For clinical validation, nasal and rectal swabs were resuspended in 0.5 ml of sterile water and mixed by shaking. For the PCR, 5 μl of the nasal swab suspension and 5 μl of a dilution (1/10) of the rectal swab suspension were used. The PCR was performed as previously described (GeneAmp® PCR System 9600 thermocycler; Thermo Fisher Scientific, Waltham, MA, USA), as follows: 10 min at 25 °C; 3 min at 95 °C; 40 cycles at 95 °C for 15 s, followed by 45 s at 50 °C, 1 min at 72 °C and storage at 4 °C. The total time was 2 h.

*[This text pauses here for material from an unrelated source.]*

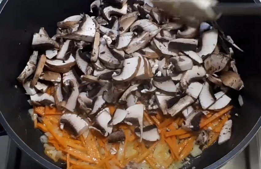Просмажити в олії морквяно-цибулеву суміш і всипати гриби.![]()

After performing the PCR, the hybriSpot HS24 automated platform (Master Diagnóstica, Granada, Spain) was used (Fig. 1A), which performs a reverse dot blot hybridisation of up to 24 samples simultaneously and interprets the results in one hour. When the specific amplicons hybridise with their corresponding probes, the signals are visualised through a colorimetric reaction (Fig. 1B and C). The hybriSpot HS24 platform captures the image of the chip, which is automatically analysed using a pattern of points that corresponds to a profile of genetic determinants of resistance (Fig. 1).

Figure 1.

HS24 platform and AMR Direct Flow Chip®. A) HS24 automated platform for reverse hybridisation processing and image analysis. B) Results for a carbapenemase-producing Escherichia coli strain. C) Detection of MDR organisms in a positive rectal swab harbouring Klebsiella pneumoniae blaOXA-48/blaSHV and Acinetobacter baumannii blaOXA-51. All the probes are spotted in duplicate on the chip array and a result is considered positive if both signals are detected. Positive probes detected: biotin control (BC); exogenous amplification control (IC), for the detection of synthetic DNA included in the PCR mix; endogenous amplification control (BG), for the detection of the human beta-globin gene, blaVIM (VIM), blaSHV (SHV), blaOXA-48 (OXA48) and blaOXA-51 (OXA51). The image is magnified ×5 compared to the actual size of the chip.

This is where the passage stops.